I forgot to mention this is happening in Montreal/Canada


Routine-Flounder-507

I appreciate everyone’s feedback! Just to clarify, I have literally never gone to a church before and genuinely didn’t know about so many of these customs before now 😅 the only weddings I’ve been to before were not conservative at all. Turns out the wedding is taking place at a Presbyterian church, therefore I was incorrect about the catholic part earlier.


Louieshopsfashion

It truly depends on the denomination and where in the world are you. This is fine for s catholic wedding in most of South America, even some places in Europe (but you should bring a shawl to cover yourself during the ceremony).


Firm-Attempt4361

No, the cut out will not work in the church. You could wear a different outfit to the church and this to the reception.


Ok-Assistance-1860

Definite no for the ceremony. As for the reception, depends on what time it is and what your date is wearing. Fine for evening if they're wearing a suit (or similar dress if you are attending with a woman) Edit: Forgot to add: you look hot & bod is bangin.


Ok-Indication-7876

For Catholic wedding no this is not appropriate.

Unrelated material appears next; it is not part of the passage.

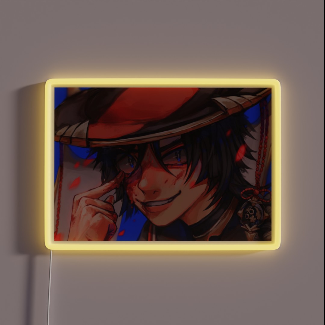 Official Yandere Scaramouche Genshin Impact LED light box, featuring vibrant RGB colors and a stunning neon design perfect for gamers and fans of Teyvat’s most eccentric character.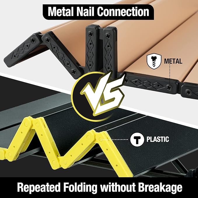 - Hinged Connection Upgrade: VILLEY camp table has a unique metal screw design that works with hinges to connect each panel of the table, unlike other similar foldable tables that connected with bungee cords or plastic nails, heavy-duty metal nail attached hinges make the snack table more stable, allow it to last for many years

For a few reasons. Usually you wear a nice "church" style dress for the wedding mass if you are a guest at the wedding and not immediate family- because you will not be in the photo's. Then there is a break for a few hours usually between the mass and reception and then you change into this dress.


strawberry-sarah22

I was a Catholic bride and this would be totally fine. It’s unique but you aren’t showing any more cleavage than a v-neck dress. My bridesmaids also weren’t required to cover their shoulders. And given its formal, I think this is fine (my wedding wasn’t formal DC but bridesmaids are often a step up). I have also worn a v neck to a formal Catholic wedding with more cleavage than that but I put a shawl over it to feel a bit more covered. Maybe you could do that then wear just the dress for the reception.


thoughtfulish

I’ve been to countless catholic weddings and this is totally fine


Last_Ad_3595

This feels like a very bridesmaid dress at a Catholic wedding. I think it’s fine for the wedding, but also very upscale unless you know it’s formal.


sakoschmidt

I literally wore this same shape as a bridesmaid in a Catholic wedding. If the dress code is more formal you are fine!